What the task requires »
Set down, word for word, only the lines from the start of the records through the line bearing "The deep, rounded"; include no pictures.

--- Provided records Enclosed Below ---

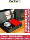 Carlburn Özel Gün Hediye Sevgiliye Anneye Arkadaşa Kırmızı Gül Dolu Kutulu İstiridye İnci Kolye Seti
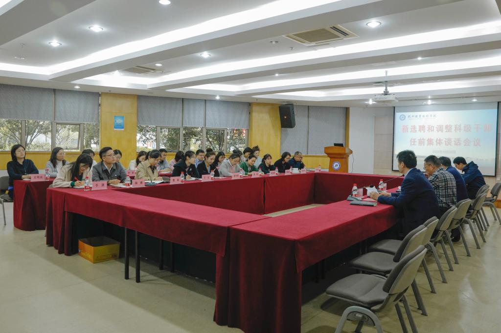 10月26日,我校举行新选聘和调整科级干部任职集体谈话会议。校党委副书记陈泉淼,校党委委员、纪委书记高云飞及新选聘和调整的21名科级干部参加会议。会议由党委委员、组织部部长麻朝晖主持。
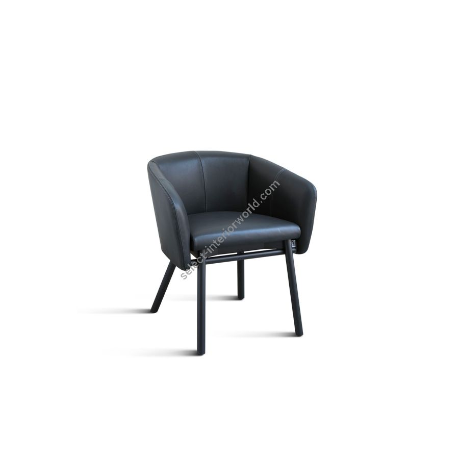 The deep, rounded seat encourages relaxation and conversation. The perfectly balanced volume of the body matches impeccably with the characteristic support frame, thus redefining the typical 'tub' chair. The internal plywood body and the polyurethane and Dacron upholstery, flanked by a beech frame, provide excellent comfort. Balù comes in many colour variations and neutral or tone-on-tone shades, in line with the collection colours.Balù is a reassuring presence and a perfect addition to an imposing dining area with a keen eye for design. This versatile seat can be used in any space, such as meeting rooms, small conference rooms and reading rooms, as well as domestic environments such as living rooms, study areas and bedrooms, which require performance combined with comfort and a strong personality.The Balù chairs, available in a variety of finishes and upholsteries, may be freely combined together, both at home and in public areas.
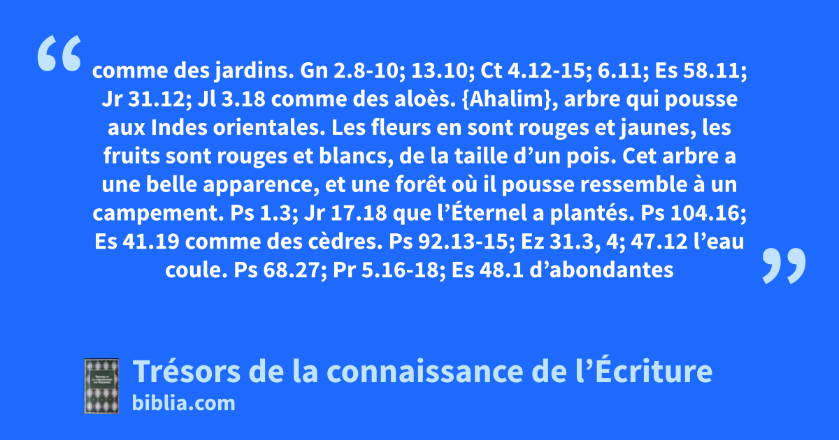 comme des jardins. Gn 2.8-10; 13.10; Ct 4.12-15; 6.11; Es 58.11; Jr 31.12; Jl 3.18 comme des aloès. {Ahalim}, arbre qui pousse aux Indes orientales. Les fleurs en sont rouges et jaunes, les fruits sont rouges et blancs, de la taille d’un pois. Cet arbre a une belle apparence, et une forêt où il pousse ressemble à un campement. Ps 1.3; Jr 17.18 que l’Éternel a plantés. Ps 104.16; Es 41.19 comme des cèdres. Ps 92.13-15; Ez 31.3, 4; 47.12
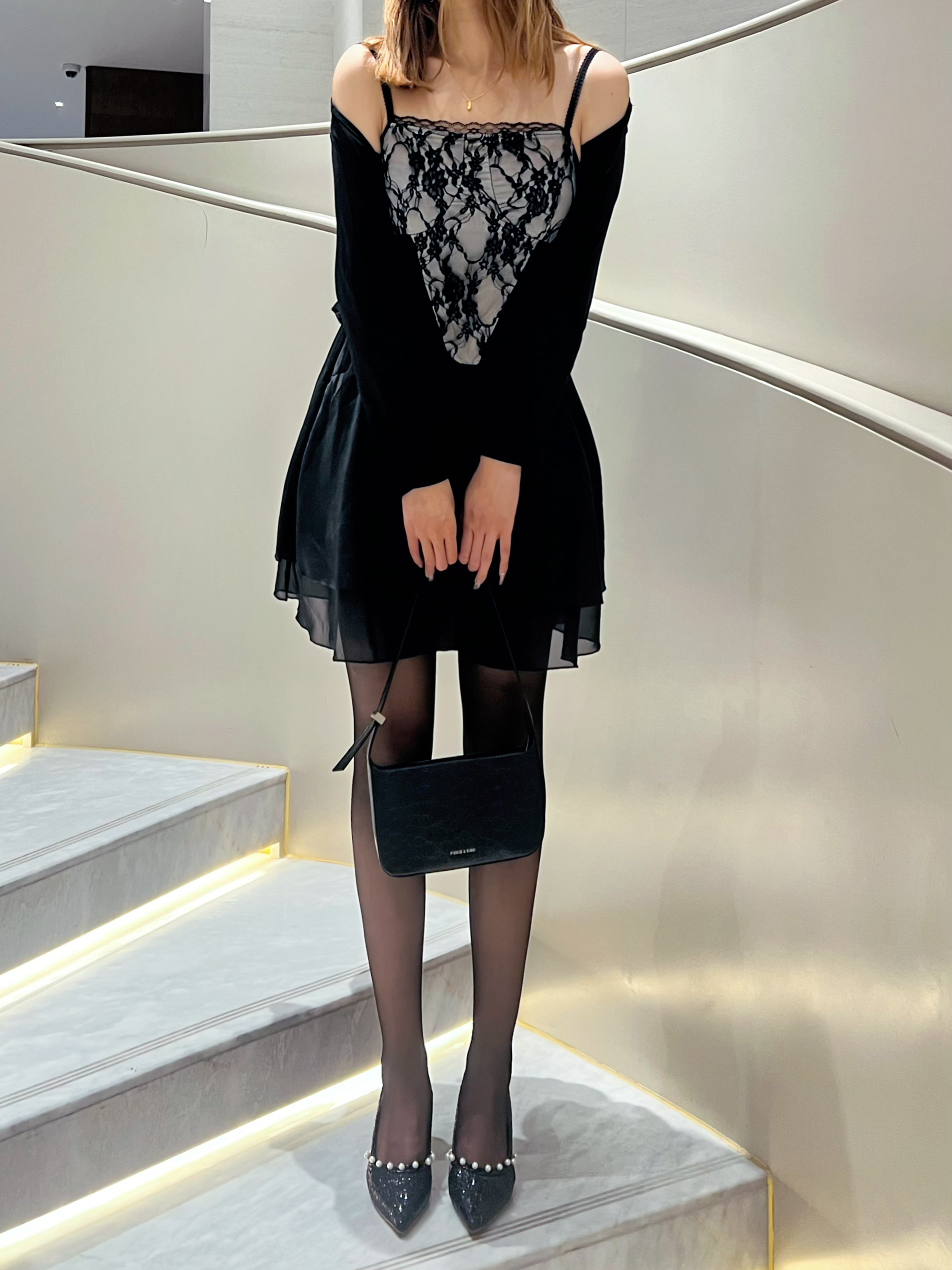 🧦:涞觅 ⭐️分享一个很适合在炎热的夏天穿的夏日约会穿搭,今天我选择了一个蕾丝设计的灰色连衣裙,我搭配了一个短款的外套,更显精致,下身穿了丝袜和高跟鞋,如果搭配马丁靴的话会更加可爱少女,搭配高跟鞋就会更加成熟一些~ ⭐️配饰带了一个金色的羽毛锁骨链,作为点缀,搭配了一个黑色的石头纹腋下包,很喜欢今天这个约会穿搭~

--- End of Enclosed Provided records ---

Written solution »
 Carlburn Özel Gün Hediye Sevgiliye Anneye Arkadaşa Kırmızı Gül Dolu Kutulu İstiridye İnci Kolye Seti
 10月26日,我校举行新选聘和调整科级干部任职集体谈话会议。校党委副书记陈泉淼,校党委委员、纪委书记高云飞及新选聘和调整的21名科级干部参加会议。会议由党委委员、组织部部长麻朝晖主持。
 The deep, rounded seat encourages relaxation and conversation. The perfectly balanced volume of the body matches impeccably with the characteristic support frame, thus redefining the typical 'tub' chair. The internal plywood body and the polyurethane and Dacron upholstery, flanked by a beech frame, provide excellent comfort. Balù comes in many colour variations and neutral or tone-on-tone shades, in line with the collection colours.Balù is a reassuring presence and a perfect addition to an imposing dining area with a keen eye for design. This versatile seat can be used in any space, such as meeting rooms, small conference rooms and reading rooms, as well as domestic environments such as living rooms, study areas and bedrooms, which require performance combined with comfort and a strong personality.The Balù chairs, available in a variety of finishes and upholsteries, may be freely combined together, both at home and in public areas.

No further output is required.